When the sun brushed the back of Luce’s neck, it struck her just how long she’d been sitting in this room. She’d watched the eastern sun glow like a mane around Mr. Cole’s thinning hair that morning during world history. She’d suffered the sweltering midafternoon heat during biology with the Albatross. It was nearly evening now. The sun had looped the entire campus, and Luce had barely left this desk. Her body felt as stiff as the metal chair she was sitting in, her mind as dull as the pencil she’d given up using to take notes.
What was up with these shadow puppets? Were she and the other students, like, five years old?
But then she felt guilty. Of all the faculty here, Miss Sophia was by far the nicest, even gently pulling Luce aside the other day to discuss how far behind Luce was in the writing of her family tree paper. Luce had to feign astonished gratitude when Miss Sophia walked her through an hour’s worth of database instructions yet again. She felt a little ashamed, but playing dumb was far superior to admitting she’d been too busy obsessing over a certain male classmate to devote any time to her research.
Now Miss Sophia stood in her long black crepe dress, elegantly interlocking her thumbs and raising her hands
in the air, preparing for her next pose. Outside the window, a cloud crossed over the sun. Luce zoned back in on the lecture when she noticed there was suddenly an actual shadow visible on the wall behind Miss Sophia.

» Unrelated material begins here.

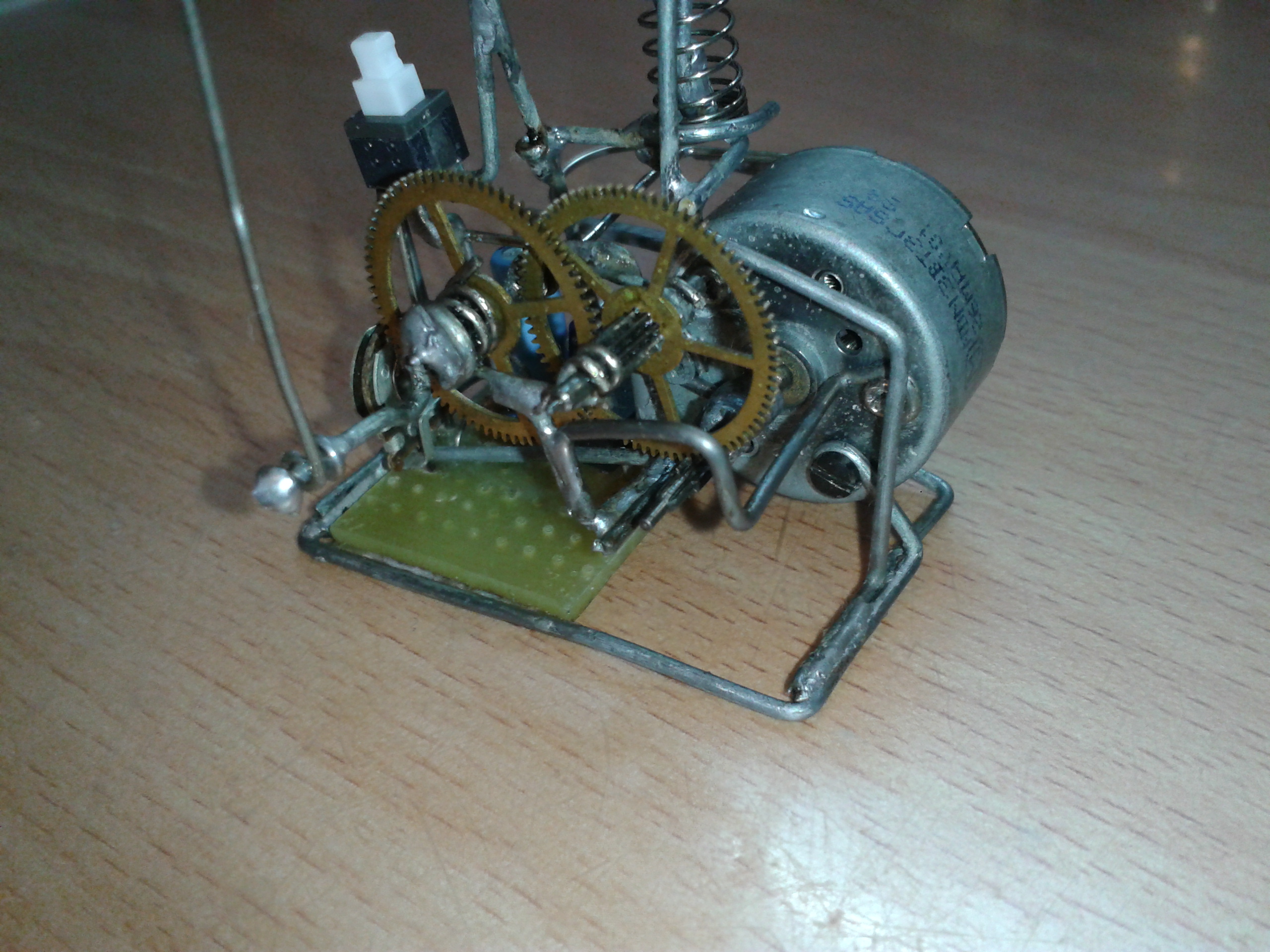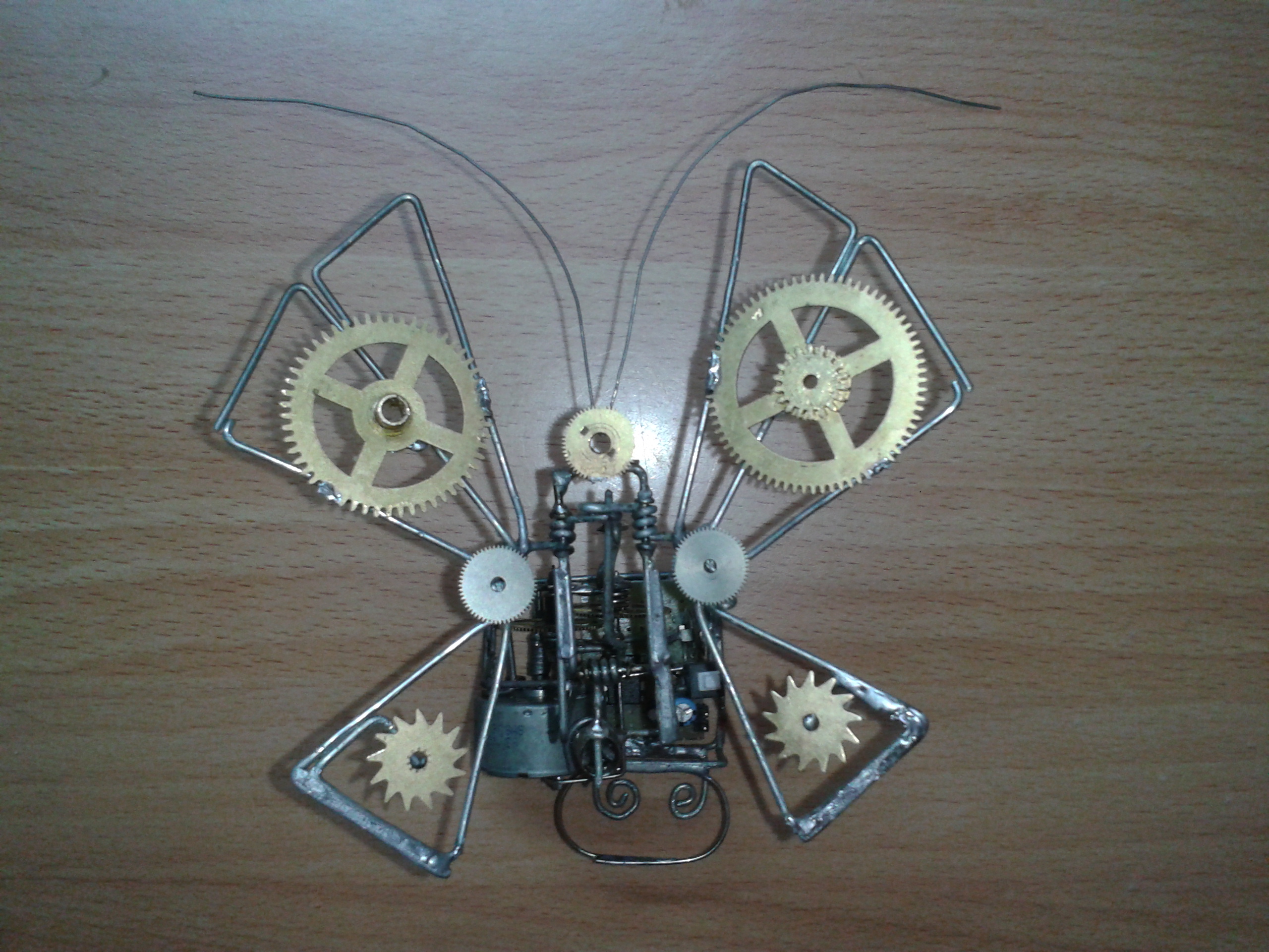 Простите немного отвлеку Вас своей безделушкой , это конечно не паучок со сложной механикой, а так баловство для разнообразия поделок, даже стилем "стимпанк" попахивает немного ну хватит с прелюдией перейдем к делу. Что мы умеем делать, а мы умеем делать только одно - это махать крыльями , но с цикличностью примерно 20-30 сек. машем, потом 5 сек. отдыхаем, разное время работы связано наверно с питанием микрочипа, вместо нужных 5 V у меня батарейка 2,4 V.

“As you all remember from your reading of
Paradise Lost
last year, when God gave his angels their own will,” Miss Sophia said, breathing into the microphone clipped to her ivory lapel and flapping her thin fingers like a perfect angel’s wings, “there was
one
who crossed the line.” Miss Sophia’s voice dropped dramatically, and Luce watched as she twisted up her index fingers so the angel’s wings transformed into devil’s horns.
Behind Luce, someone muttered, “Big deal, that’s the oldest trick in the book.”
From the moment Miss Sophia had kicked off her lecture, it seemed like at least one person in the room took issue with every word that came out of her mouth. Maybe it was because Luce hadn’t had a religious upbringing like the rest of them, or maybe it was because she felt sorry for Miss Sophia, but she felt a growing urge to turn around and shush the hecklers.
She was cranky. Tired. Hungry. Instead of filing down to dinner with the rest of the school, the twenty students enrolled in Miss Sophia’s religion class had been informed that if they were attending the “optional”—a sad misnomer, Penn informed her—study session, their meal would be served in the classroom where the session was being held, to save time.
The meal—not dinner, not even lunch, just a generic late-afternoon fill-up—had been a strange experience for Luce, who had a hard enough time finding anything she could eat in the meat-centric cafeteria. Randy had just wheeled in a cart of depressing sandwiches and some pitchers of lukewarm water.
The sandwiches had all been mystery cold cuts, mayo, and cheese, and Luce had watched enviously as Penn chomped through one after another, leaving tooth-marked rings of crust as she ate. Luce had been on the verge of de-bologna-ing a sandwich when Cam shouldered up next to her. He’d opened his fist to expose a small cluster of fresh figs. Their deep purple skins looked like jewels in his hand.
“What’s this?” she’d asked, sucking in a smile.
“Can’t live on bread alone, can you?” he’d said.
“Don’t eat those.” Gabbe had swooped in, lifting the figs out of Luce’s fingers and tossing them in the trash. She’d interrupted yet another private conversation and replaced the empty space in Luce’s palm with a handful of peanut M&M’s from a vending machine sack. Gabbe wore a rainbow-colored headband. Luce imagined yanking the thing from her head and pitching it in the trash.
“She’s right, Luce.” Arriane had appeared, glowering at Cam. “Who knows what he drugged these with?”
Luce had laughed, because of course Arriane was joking, but when no one else smiled, she shut up and slipped
the M&M’s into her pocket just as Miss Sophia called for them all to take their seats.